English governor of Virginia colony

Sir John Harvey ( - ) was a Crown Governor of Virginia. Before becoming involved in Virginia politics, he was a transporter of settlers from England, owning a ship called the Southampton. In 1624, Harvey reported to the royal commissioner that the colony had recovered faster than expected from the Indian massacre of 1622. Harvey traveled back and forth between North America and England. Harvey was appointed to the governor position on March 26, 1628 by Charles I of England.

In autumn 1629, Harvey departed England aboard the Friendship with 300 other settlers to Virginia. Harvey appointed several inexperienced politicians, including Samuel Matthews and William Claiborne to the Virginia Governor's Council.

The captain, officers, and sailors of the ship that transported the governor to Virginia sued in admiralty court for their pay. His government has been described as tyrannical and Harvey himself has been called "an obnoxious ruler" and was generally held to be unpopular.

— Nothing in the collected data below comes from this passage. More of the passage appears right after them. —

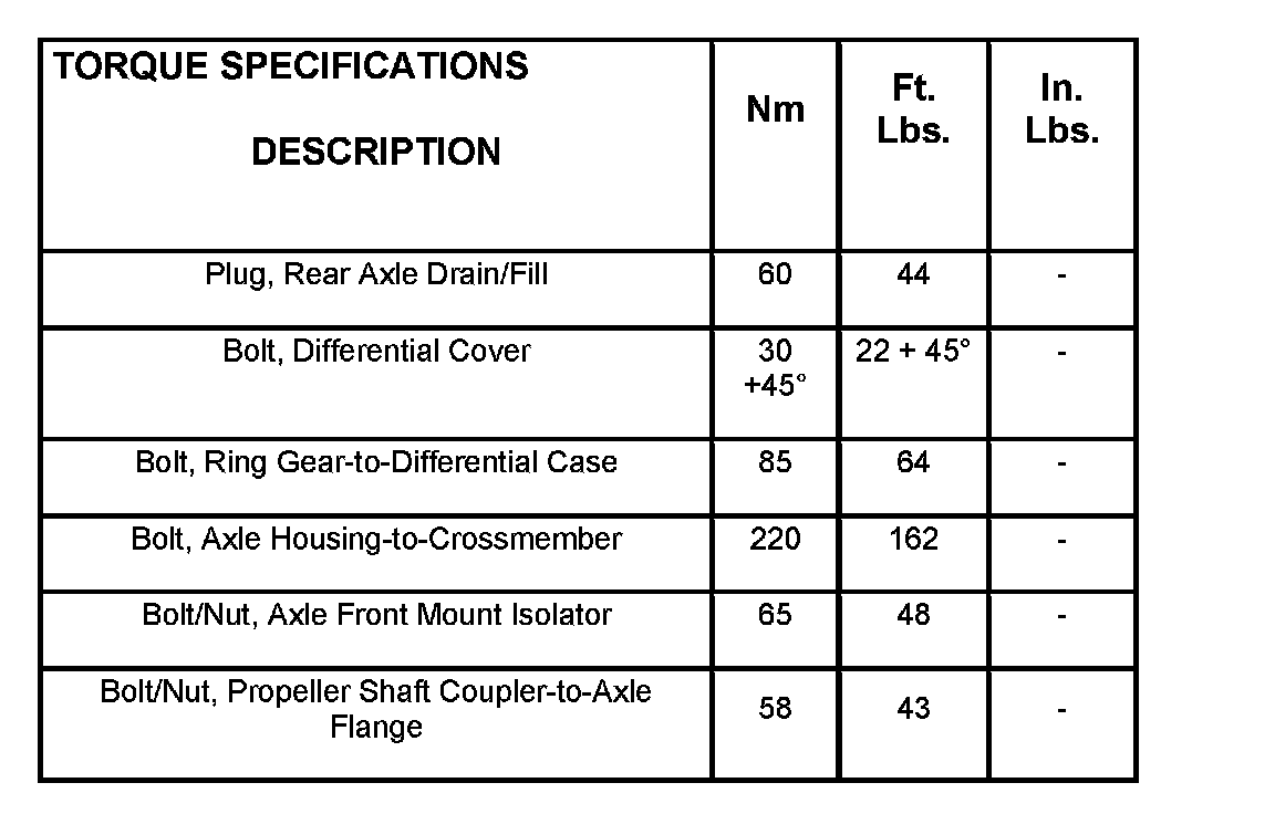 Torque Specifications: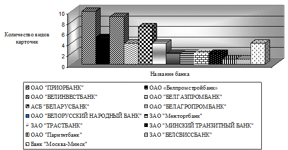 На основе проделанного анализа количества видов карточек в белорусских банках не трудно заметить, что лидерами являются, к сожалению, лишь 2 -3 банка, остальные банки Республики Беларусь не стремятся активно развивать спектр услуг по предоставлению клиентам пластиковых карточек.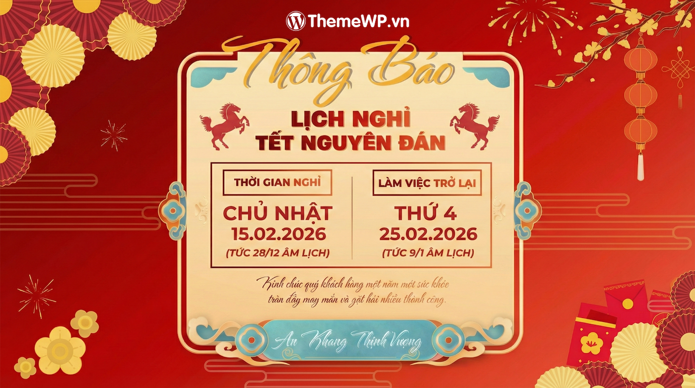 Nhân dịp năm mới, ThemeWP.vn kính chúc Quý Khách cùng gia đình một năm mới An Khang – Thịnh Vượng – Sức Khỏe Dồi Dào – Vạn Sự Như Ý.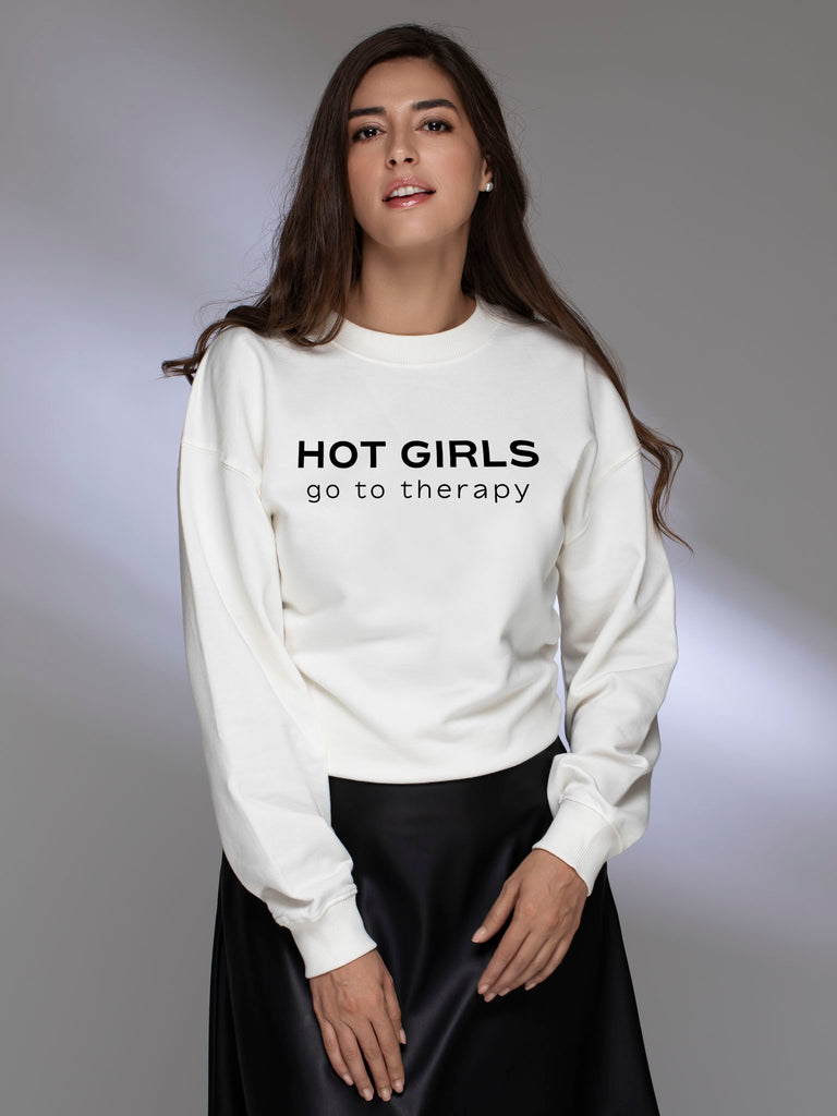 Hanorac alb din bumbac organic cu imprimeu de catifea HOT GIRLS GO TO THERAPY

In 1635 Harvey was suspended and impeached by the Council of Virginia (who named John West as a temporary replacement), and he returned to England under the escort of John Pott and Thomas Harwood. He claimed a conspiracy to change the charter of the colony by John Wolstenholme was the reason for the failures of his administration.

The English precursor to the Board of Trade restored Harvey to his post in 1636. Harvey returned to Virginia in January 1637. Harvey requested transport on a royal vessel as a "mark of honor", but ended up on the unseaworthy Black George, eventually switching to a commercial ship for his return. Harvey served until November 1639.

In 1639, Harvey was replaced as governor by Sir Francis Wyatt.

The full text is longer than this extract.